The Ministry of Education in January ended its programme of removing slabs of asbestos cement from some 300 primary and secondary schools, which it said had run throughout 2013 and 2014.
But Carmen Lima, an expert on waste for the Quercus environmental group, said this was “only the start, with the marking out of asbestos cement materials on roofs” and that “in buildings such as schools, asbestos is certainly not only in the roof”. That, she said, means that “the work hasn’t been done as it should be [but] is incomplete” because there may be “canteens, pavements and coverings of some walls with asbestos that was not looked at for identification.”
The problem she explained, is that the survey of premises was made above all by technical staff in the ministry’s department of school establishments, by teachers and headteachers, who are able to identify slabs of asbestos cement but who “do not have the training to identify other situations”.

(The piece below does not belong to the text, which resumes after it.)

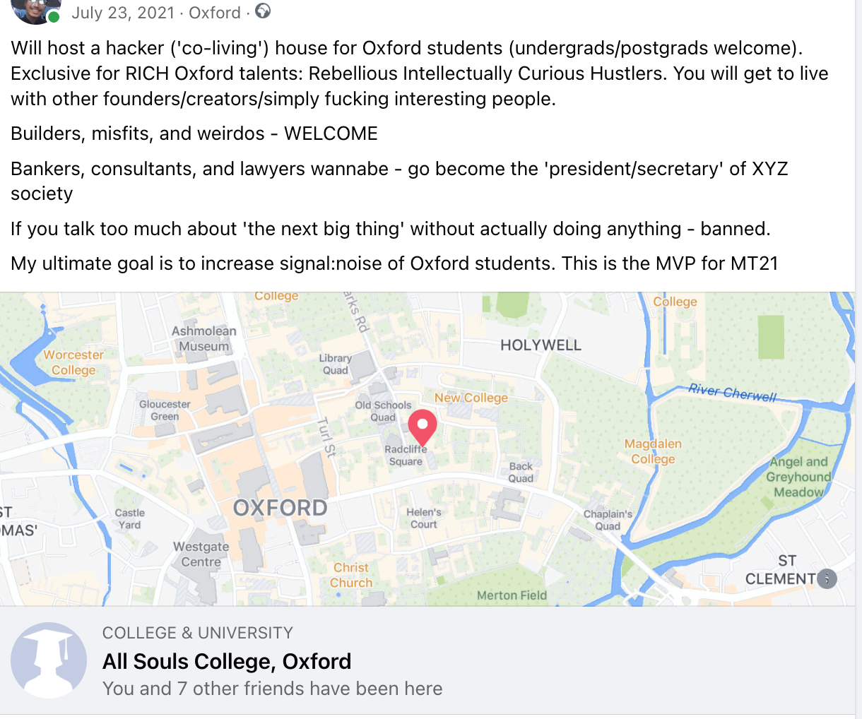 In other words, I only intended to start a house to live with misfits, weirdos, and builders. I was fed up with living with normies and mids who drink wine, eat cheese and get by each day at Oxford by doing minimum work.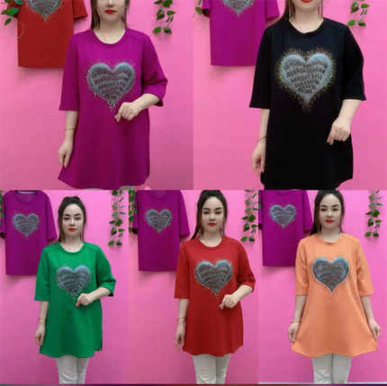 早秋新款时尚洋气减龄胖妹妹烫钻爱心圆领五分袖T恤大衫宽松遮肉

According to the ministry, since the programme finished it “continues to monitor all situations and intervenes whenever there is an urgent need and whenever materials that have deteriorated or are in a poor state of conservation are identified, or whenever studies on air quality demonstrate that need.”
Quercus also raised questions about the manner in which the removal of asbestos had been carried out, alleging that in some cases they were not transported in the right conditions or were dumped in ordinary landfill. The ministry says that the work was monitored by the labour inspectorate and was carried out in line with legislation.
Asbestos has been banned in the European Union since 2005 but was until 1990 widely used in roofs and other coverings because of its properties of thermal and acoustic insulation.